Reef structure complexity is important because it brings benefits such as resilience in the face of environmental stresses and high fish abundance and diversity.
“In today’s environmental situation we are facing an increase in the intensity and frequency of disturbance whether it is from storms and stronger weather events like El Nino, pollution, or large-scale factors such as climate change,” says Burns. “We are finding that these disturbance events have disproportionate impacts on the health and mortality of certain species, and we need to understand this better in order to predict how changing environmental conditions will alter coral reefs in the future.”
The MEGA Lab
When he joined the faculty at UH Hilo in 2018, Burns created the Multiscale Environmental Graphical Analysis (MEGA) Lab, which is dedicated to understanding the state of corals found all over the Hawaiian Archipelago and in other locations in the Pacific Ocean. In the MEGA lab, UH Hilo graduate and undergraduate students representing art, marine science, and the computer science and engineering departments use advanced technologies to create high-resolution 3D reconstructions of underwater habitats. This work supports any array of projects from tracking coral health to mapping newly discovered archeological sites.
- Related story: UH Hilo art and science departments collaborate on modern 3D work of art (UH Hilo Stories, March 8, 2019)
Since its inception, the MEGA lab has received several large research grants to conduct underwater 3D mapping throughout the Pacific Ocean. For one project, Burns and Briana Noll, a computer science major in her senior year at UH Hilo, are designing a “virtual museum” that allows users to experience coral reefs without ever donning a swimsuit. Participants can explore the various reefs around the Hawaiian Archipelago and Pacific Ocean, including those found in the Northwestern Hawaiian Islands and Kapoho Bay, the area covered by the lava flow following the eruption of the Kilauea volcano last summer.
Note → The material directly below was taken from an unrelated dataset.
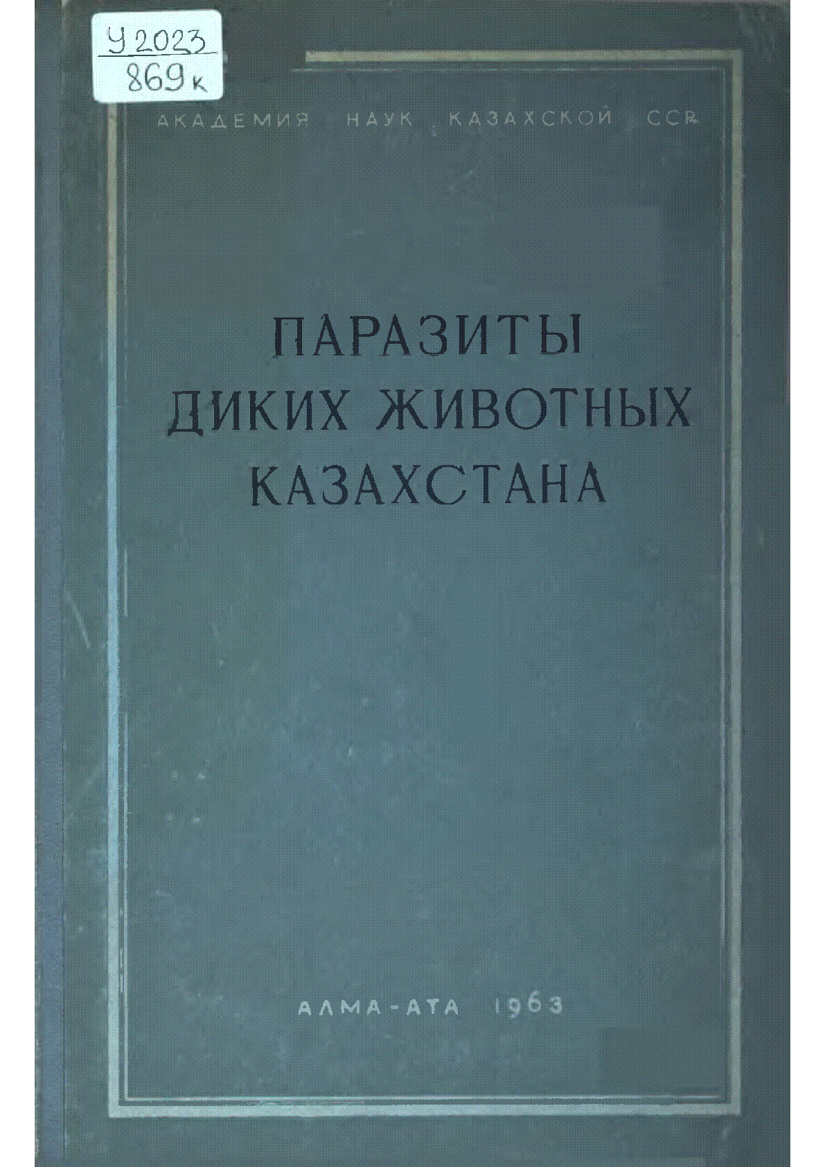 Паразиты диких животных Казахстана = Parasites of wild animals of Kazakhstan [Текст] / ; [ред. кол.: И. Г. Галузо [и др.]] ; Академия наук Казахской ССР ... – Алма-Ата : Издательство Академии наук Казахской ССР, 1963. - 252, [4] c., ил.;– (Труды Института зоологии. ; Т. 19 . – Библиогр. в конце ст. . – 1000 экз. (в пер.) : 0 тг.

Noll is using the Epic Unreal Engine platform and Unreal 4 software to create an interactive user experience based on data and visualizations provided by Burns.
“My hope is that this will be used for education on the health and protection of coral, not just here in Hawaiʻi but globally,” says Noll.
Selected projects at the MEGA Lab
- “Co-Knowledge Production of Historic Property and Habitat Assessments on Navy Coastal Submerged Lands for the Island of Guam,” funded by the Department of Defense Naval Facilities Engineering Command.
- “Understanding environmental stressors and deep reefs to support management of Papahanaumokuakea,” funded by the National Fish and Wildlife Foundation.
- “Peleliu’s Forgotten WWII Battlefield,” funded by NOAA Ocean Exploration and Research.
- “Ike Wai: Securing Hawaiʻi’s Water Future. A cross disciplinary project that aims to increase understanding of Hawaiian island hydrology to provide improved data for decision-making tools,” funded by the National Science Foundation’s Established Program to Stimulate Competitive Research (EPSCoR).
- “Understanding Biotic Response to Environmental Change in Tropical Ecosystems Through a Place-Based Contex,” funded by the NSF Centers for Research Excellence in Science and Technology (CREST).
About the author of this story: Leah Sherwood is a graduate student in the tropical conservation biology and environmental science program at UH Hilo. She received her bachelor of science in biology and bachelor of arts in English from Boise State University.